Governor General’s Award for Fiction
While the Scotiabank Giller prize is rich in monetary rewards, there’s no denying the cachet connected to the GGs, a national recognition of literary merit since 1936. Expanded over the years to the current seven categories: fiction, non-fiction, poetry, drama, young people’s literature — text and illustrated — and translation. The Canada Council for the Arts hands out prizes for English-language winners and for French-language winners. 14 prizes in all, with writers, illustrators and translators receiving $25,000, their publishers receiving $3,000 and finalists receiving $1,000.
Rogers Writers’ Trust Fiction Prize
Like the Giller, this prize is awarded annually to a novel or collection of short fiction. The $50,000 purse is impressive and finalists receive $5,000 each.
Canada Reads
Inspired by the one-book, one-community phenomenon, CBC launched Canada Reads where five diverse panellists each champion a book that they think all of Canada should read. There’s no prize money; however, finalists and winners have all seen significant increase in sales for their books.
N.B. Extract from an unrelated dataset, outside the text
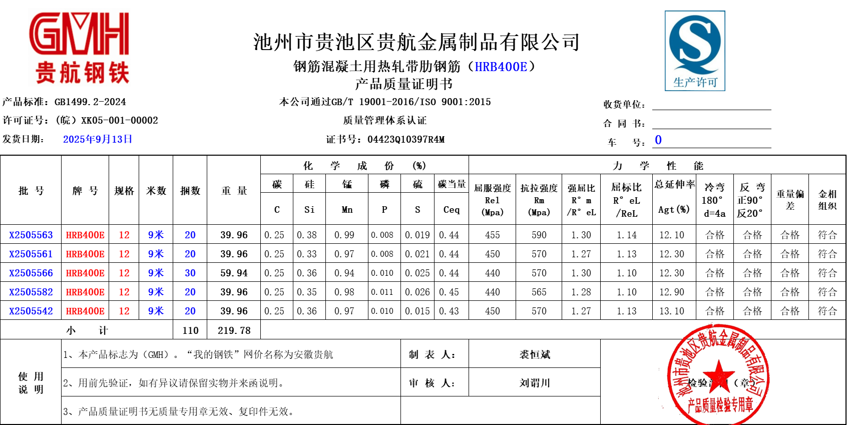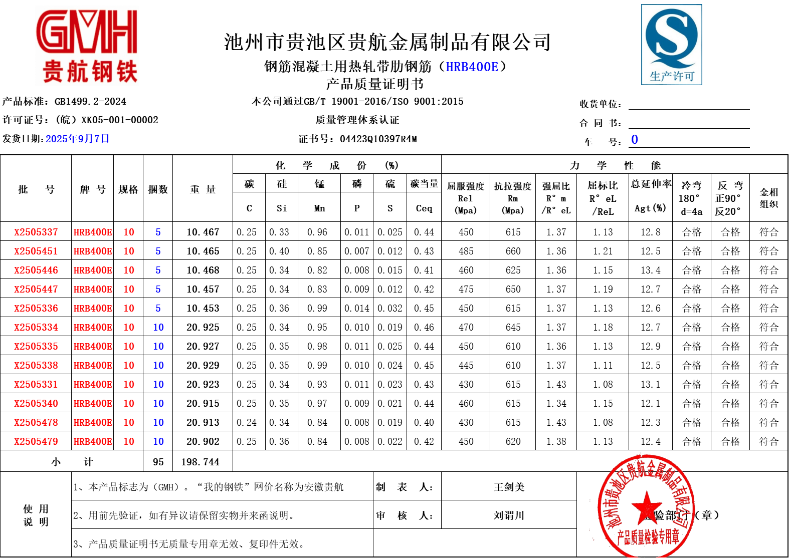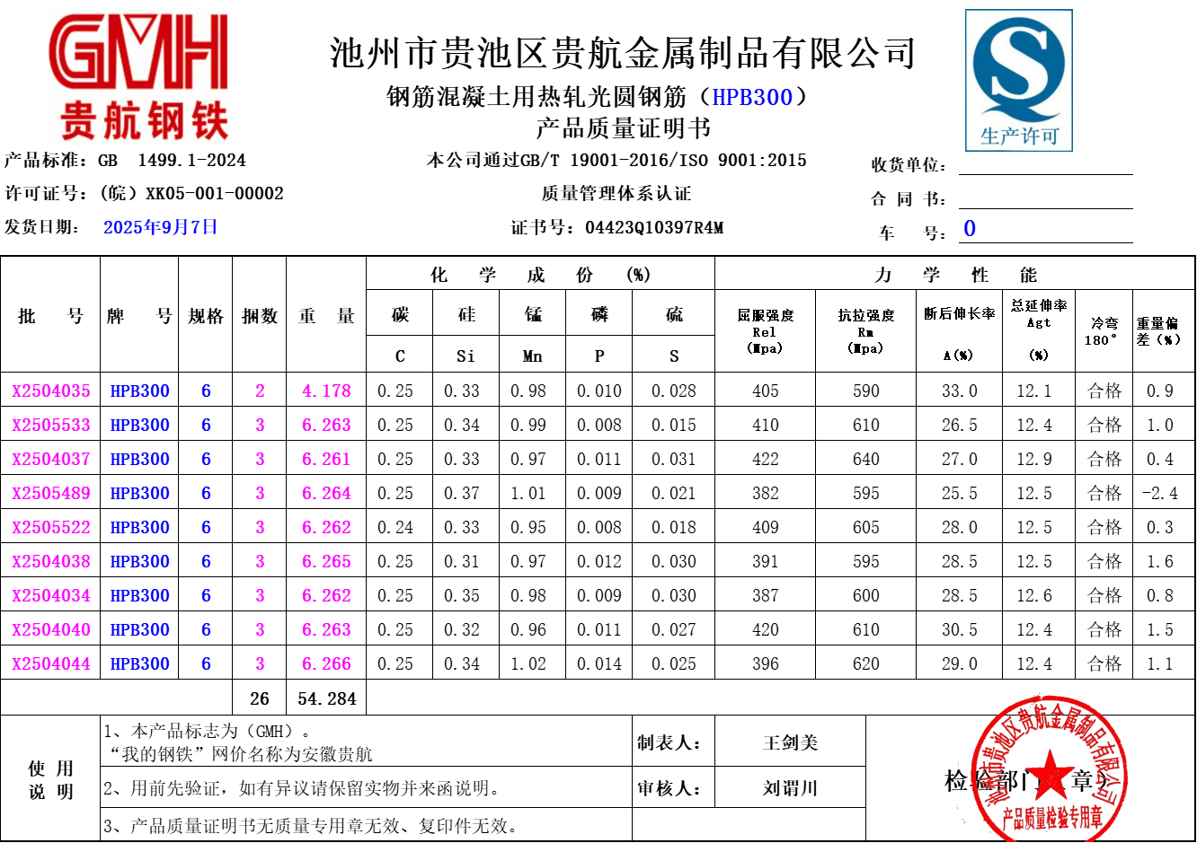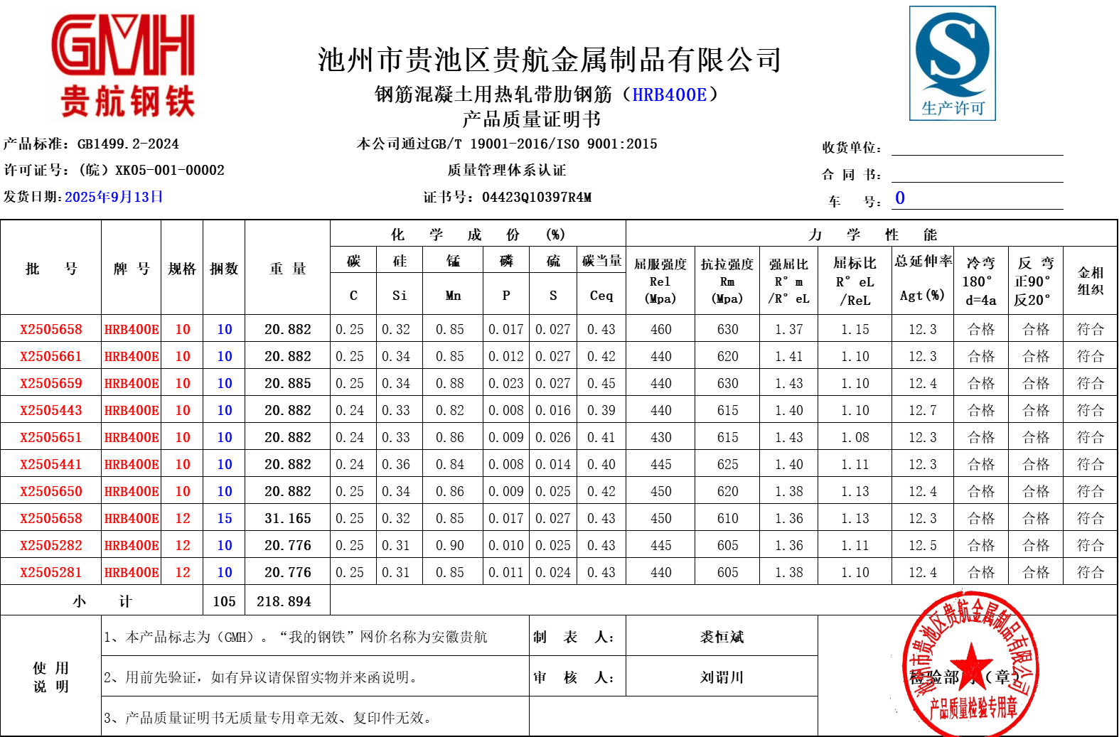 池州市贵池区贵航金属制品有限公司本公司通过GB/T19001-2016/ISO9001:2015

Michael Ondaatje’s In the Skin of a Lion sold 70,000 copies after being declared winner in 2002, fifteen years after it was first published.
There are also many regional, provincial and municipal awards for literary fiction. But where is the prestigious prize for popular, commercial fiction? Generally sponsored by writing associations and groups, genre fiction has some great prizes. For example:
- Crime Writers of Canada — Arthur Ellis Awards
- Canadian Science Fiction and Fantasy Association — Aurora Awards
- Stephen Leacock Associates — Leacock Medal for Humour
According to Wikipedia, there are more than 50 literary awards in Canada for writers of adult and children’s fiction. In Canada, literary awards of serious prize money and prestige most often means serious fiction — elegant text, subtle layers of meaning, imagery and metaphor that bring us to tears with their beauty.
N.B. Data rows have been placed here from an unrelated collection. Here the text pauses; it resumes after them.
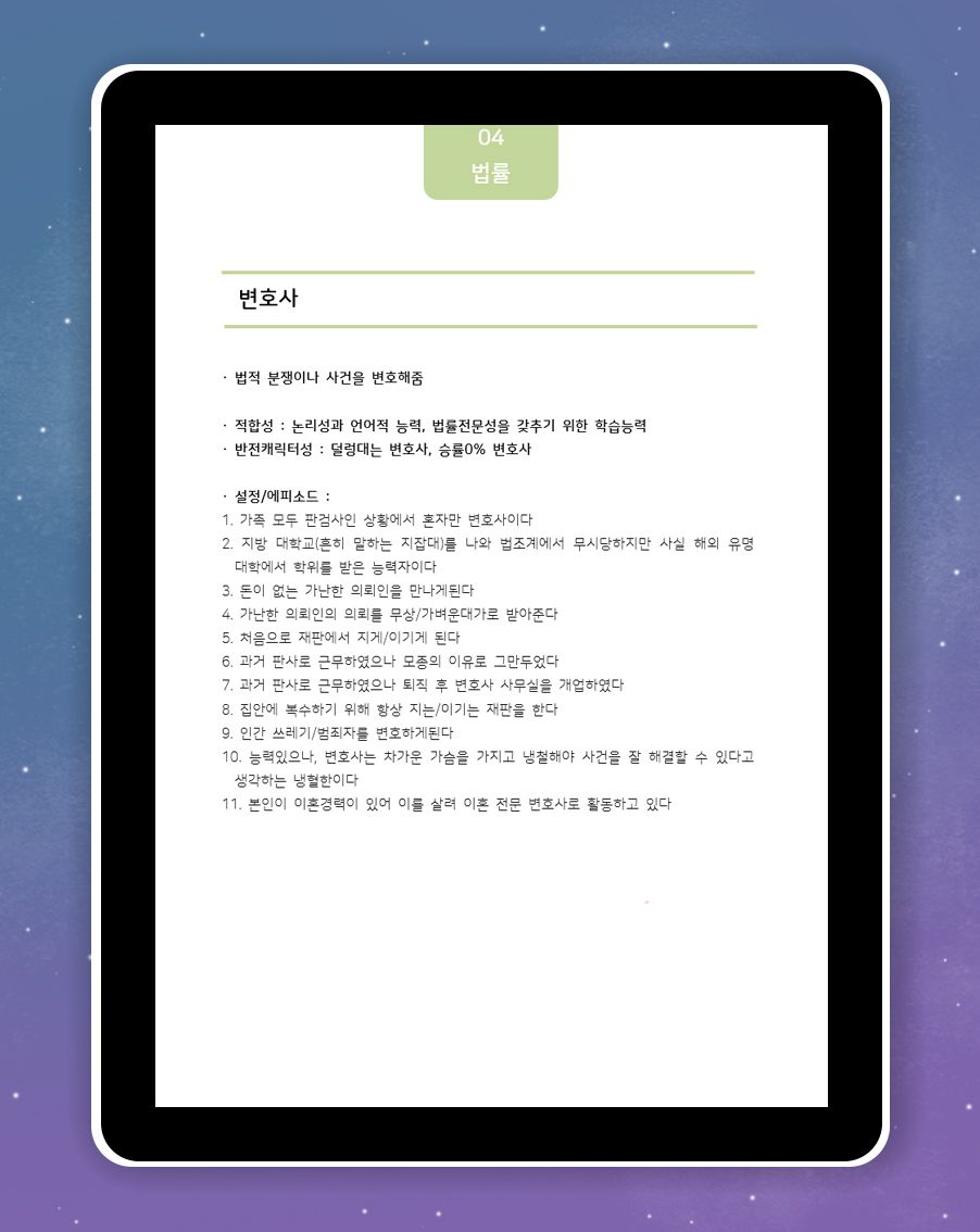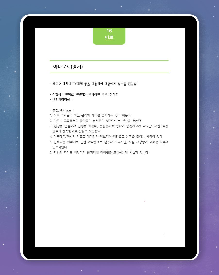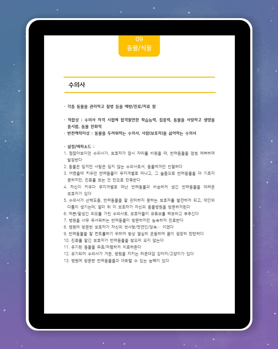 1. 250여개 직업의 2900여개 에피소드/설정집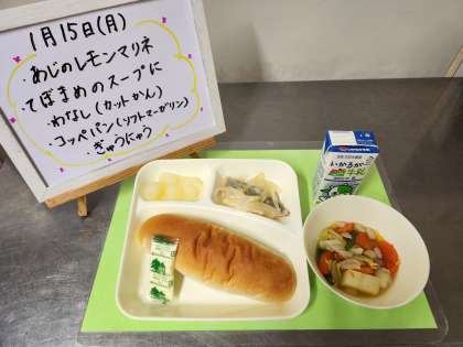 今日の献立は、あじのレモンマリネ、てぼ豆のスープ煮、和なし(カット缶)、コッペパン、ソフトマーガリン、牛乳です。
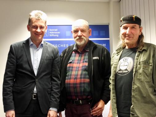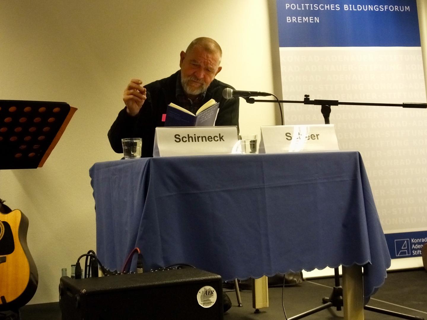 „Wir haben immer eine Wahl, und sei's, uns denen nicht zu beugen, die sie uns nahmen.“ Mit dem Vers des Dichters Reiner Kunze leitete Ralf Altenhof in den Abend ein. Kunzes Gedichte gingen in der DDR von Hand zu Hand, er erhielt über dreißig große internationale Preise. Doch in der DDR wurden seine Gedichte verboten. Die Stasi versammelte 3.500 Seiten in der Stasi-Akte zu dem Dichter, unter dem Decknamen „Lyrik“. Altenhof stellte dem Publikum Udo Scheer, Gründungsmitglied des oppositionellen, 1975 verbotenen Arbeitskreises Literatur und Lyrik in Jena, sowie Liedermacher Andreas Schirneck, später Duo-Partner von DDR-Rocklegende Klaus Renft, vor.

What about the joy of reading a terrific book? Commercial fiction, also known as “popular fiction”, is that book you can’t put down because the fascinating characters or plot are like musical earworms you cannot get out of your head. And the suspense or romance is pulling you along. There may be precious little imagery happening or subtle layering, but does that mean it is “less than” a literary gem anointed by a panel of literary judges?
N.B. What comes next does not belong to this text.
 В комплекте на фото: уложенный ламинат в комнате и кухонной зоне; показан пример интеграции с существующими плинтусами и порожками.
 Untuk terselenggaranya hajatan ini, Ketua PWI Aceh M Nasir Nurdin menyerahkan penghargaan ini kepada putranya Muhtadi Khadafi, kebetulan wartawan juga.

I once taught a workshop where a participant was shocked that I referenced Stephen King as a strong and compelling writer. She once said a similar thing in her university English literature class and was shamed in front of her classmates by her prof’s seething rejection of “that hack.”
Victorian-era best-selling author Charles Dickens was considered to be a hack, I told her. And like Dickens, Stephen King’s work has found its way onto more than one postsecondary syllabus.
Of course, there’s also some satisfaction in King’s earnings as an author of popular fiction. But even bestselling Canadian authors of popular fiction are unlikely to find themselves on the Giller prize list or anticipating a nod for a GG.
Maybe we should take a page from the National Book Awards in the U.K. Launched as the Popular Fiction Award in 2006 and now dubbed the Fiction Book of the Year, the shortlisted and winning books have included thrillers, romance and humour. Currently sponsored by a corporate giant in vision care, they are now known as the Specsavers National Book Awards.
Seems like a good idea to me. And I suspect our many popular fiction writers would agree.
Last Word
Ruth is delighted to confirm the Writer in Residence for the Arts Council, Haliburton Highlands is bestselling Canadian author of decidedly popular fiction, Susanna Kearsley.
Her latest book, Bellewether, is Haliburton Reads & Writes pick for The Big Book Club and readers are invited to join Susanna in Haliburton on September 15 to talk about Bellewether and ask Susanna questions about the book. The Big Book Club will be live streamed so that anyone can join in and participate in the discussion and Q&A. Check out the Facebook page for details.
Susanna’s books, published in translation in more than 20 countries, have won the Catherine Cookson Fiction Prize, RT Reviewers’ Choice Awards, a RITA Award, and National Readers’ Choice Awards, and have finalled for the UK’s Romantic Novel of the Year and the Crime Writers of Canada’s Arthur Ellis Award for Best Novel.